Return all entries word for word, but drop any images.

BEGIN Data for review

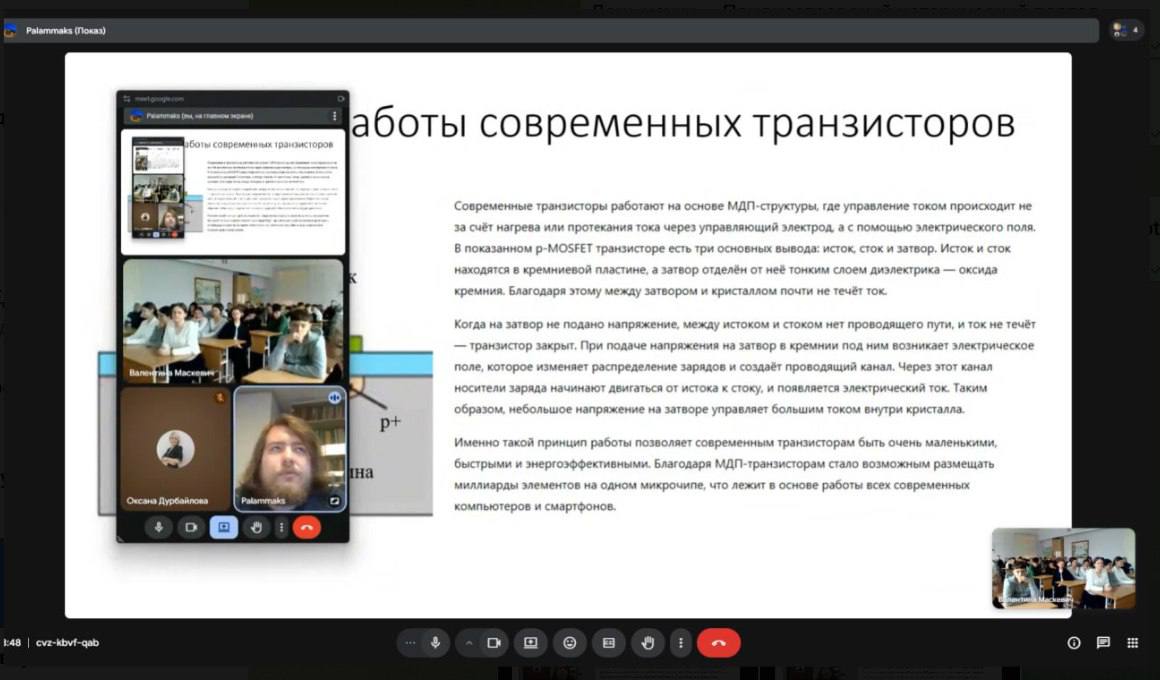 Центральным событием встречи стало онлайн-выступление Максима Олеговича Паламарчука, сотрудника Института силовой электроники и фотоники (г. Санкт-Петербург).
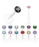 Piercing labret bioflex rond broche acier strass 2 2.5 3 mm contour levre, tige 1.2x8mm, strass blanc
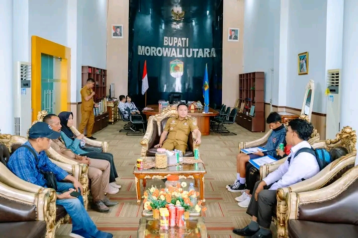 Kedua remaja yang didampingi orang tua dan pelatih karate (senpai) Galuh dari Polres Morut, diterima bupati di ruang kerjanya, Senin (28/7/2025).
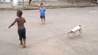 In una favela in Brasile, un cane aiuta un gruppo di bambini piccoli per giocare corda.
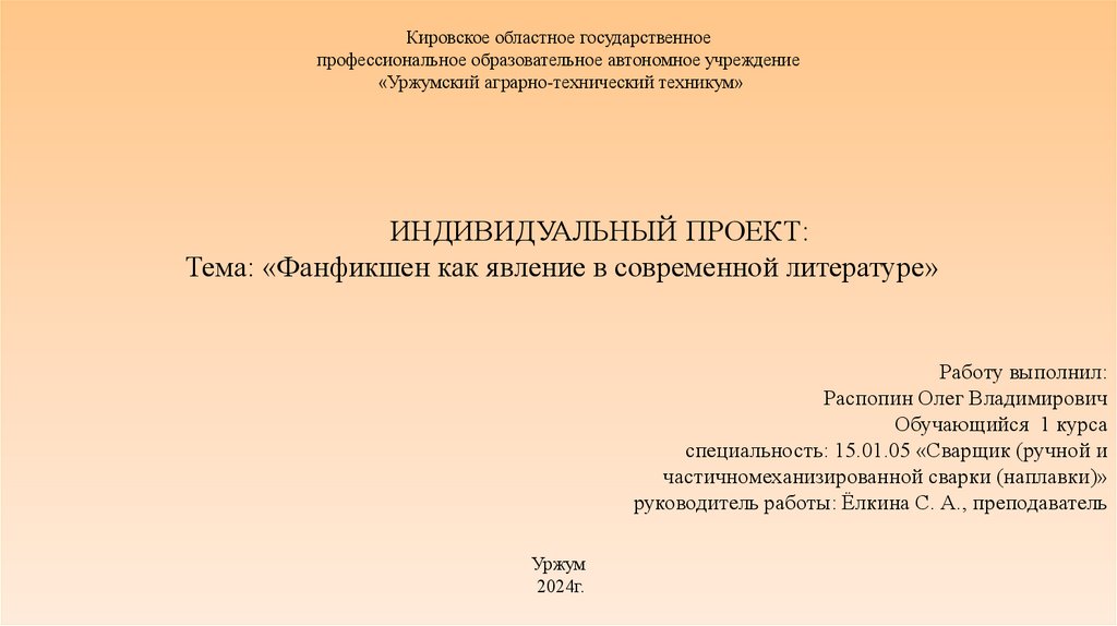 ИНДИВИДУАЛЬНЫЙ ПРОЕКТ:
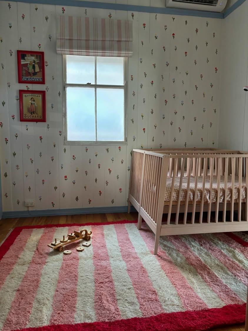 a baby ' s room with a cribe and a cribe. WhatsApp Image 2024-12-09 at 19.16.05Exclusive Geebungalow Red White Pink Moroccan Rug Stripes Geometric Pattern
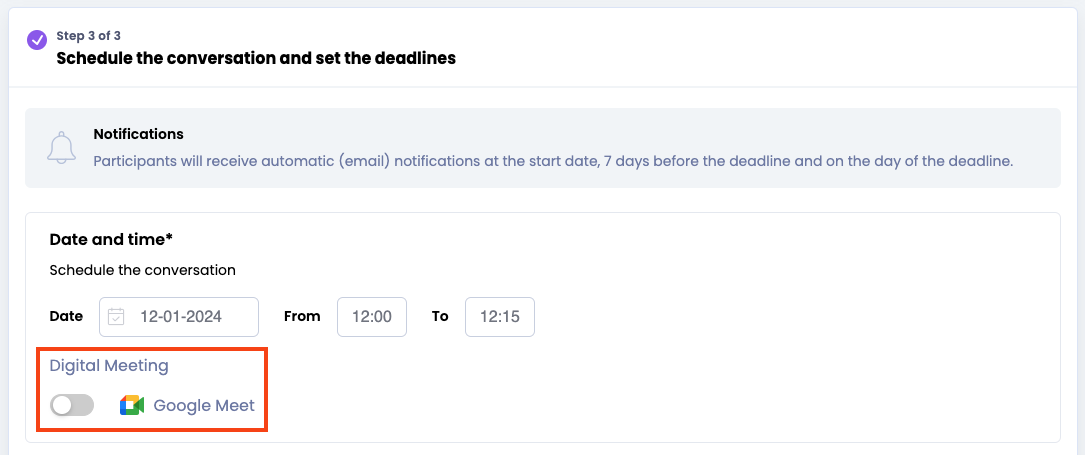 ❗️Let op: Admin kan geen Google Meet of Microsoft Teams link toevoegen bij het maken van een gesprekscyclus.
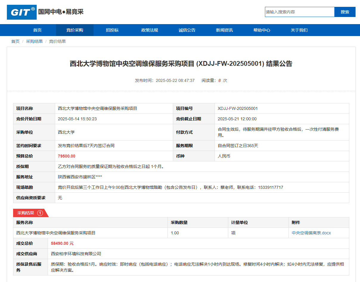 伟德国际1949始于英国博物馆中央空调维保服务采购项目(XDJJ-FW-202505001)竞价结果公告 作者:采购与招标办公室 编辑: 时间:2025-05-22 原公告链接:https://www.ejingcai.com.cn/site/bidding/detail/18384
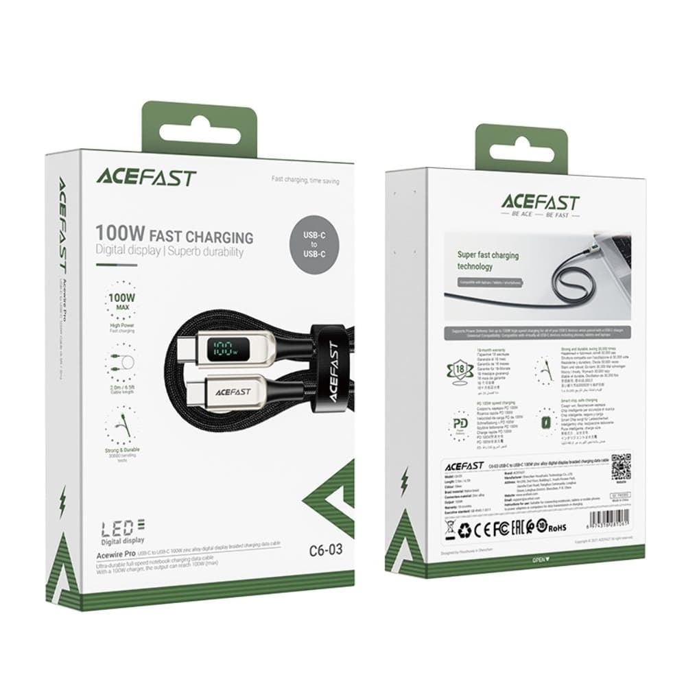 USB-кабель Acefast C6-03, с дисплеем, Type-C на Type-C, Power Delivery (100 Вт), 200 см, серебристый

END Data for review

• Answer for the task
 Центральным событием встречи стало онлайн-выступление Максима Олеговича Паламарчука, сотрудника Института силовой электроники и фотоники (г. Санкт-Петербург).
 Piercing labret bioflex rond broche acier strass 2 2.5 3 mm contour levre, tige 1.2x8mm, strass blanc
 Kedua remaja yang didampingi orang tua dan pelatih karate (senpai) Galuh dari Polres Morut, diterima bupati di ruang kerjanya, Senin (28/7/2025).
 In una favela in Brasile, un cane aiuta un gruppo di bambini piccoli per giocare corda.
 ИНДИВИДУАЛЬНЫЙ ПРОЕКТ:
 a baby ' s room with a cribe and a cribe. WhatsApp Image 2024-12-09 at 19.16.05Exclusive Geebungalow Red White Pink Moroccan Rug Stripes Geometric Pattern
 ❗️Let op: Admin kan geen Google Meet of Microsoft Teams link toevoegen bij het maken van een gesprekscyclus.
 伟德国际1949始于英国博物馆中央空调维保服务采购项目(XDJJ-FW-202505001)竞价结果公告 作者:采购与招标办公室 编辑: 时间:2025-05-22 原公告链接:https://www.ejingcai.com.cn/site/bidding/detail/18384
 USB-кабель Acefast C6-03, с дисплеем, Type-C на Type-C, Power Delivery (100 Вт), 200 см, серебристый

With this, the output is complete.